People send Blake their dolls and he fixes them. Sometimes they’re precious childhood relics or 100 year old treasures plucked from an estate sale. Blake can tell if a doll was already worked on, and if the repairer did sloppy work.

“It takes time and patience to work on one,” he said. “Being a doctor you never give your secrets out because people come in here and want to take advantage of the doctor.”

Blake wasn’t always a doll doctor.

“I was a tow truck operator for 26 years,” he said. “I had health problems, high blood pressure, my cholesterol. I was told that I can’t do it no more.”

So he transitioned into doll doctoring.

“I was with a person for over 15 years,” he said. “She passed away in my arms. She had colon cancer. She was a doctor of dolls. She taught me how to repair dolls. When she passed away, I brought 350 boxes of dolls here and then I kind of figured that I would build this museum by hand. More or less to continue on what she was doing.”

In the back of the museum, where Blake’s workshop is, there are more shelves filled with dolls. Dolls he moved out of the museum.

“Some of the kids cry and I don’t want them to cry, but they don’t like dolls staring at you at all,” Blake said. “I was having complaints at one time that a lot of these people don’t like clowns. So what I did was I went through the doll museum and tried to remove all the clowns. I put them away. They don’t like clowns, I don’t know why. I have a freezer that I have candy. I try and calm them down.”
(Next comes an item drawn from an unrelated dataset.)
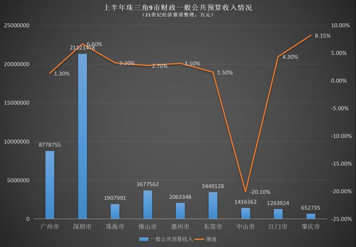 更值得注意的是增速。今年上半年,珠三角9个城市的一般公共预算收入增速依次为:肇庆8.15%、深圳6.60%、江门4.30%、珠海3.20%、惠州3.10%、佛山2.70%、东莞1.50%、广州1.30%、中山为-20.10%。

Children are often the reason that dolls end up in Blake’s doctor’s office in the first place.

“There’s a lot of people out there who actually abuse dolls,” he said. “They grab them by their hair, they cut their hairs, they draw on them. They leave them outside. They get damp, moisture inside the doll which comes to mildew. And I repair them.”

It feels a bit lonely in the doll museum, not a lot of people come through. There are rows and rows of tiny doll eyes staring at you, but it’s totally silent. Some of that loneliness might come from the doll doctor.

“Hey, I can fix the dolls, but I can’t fix myself,” he said.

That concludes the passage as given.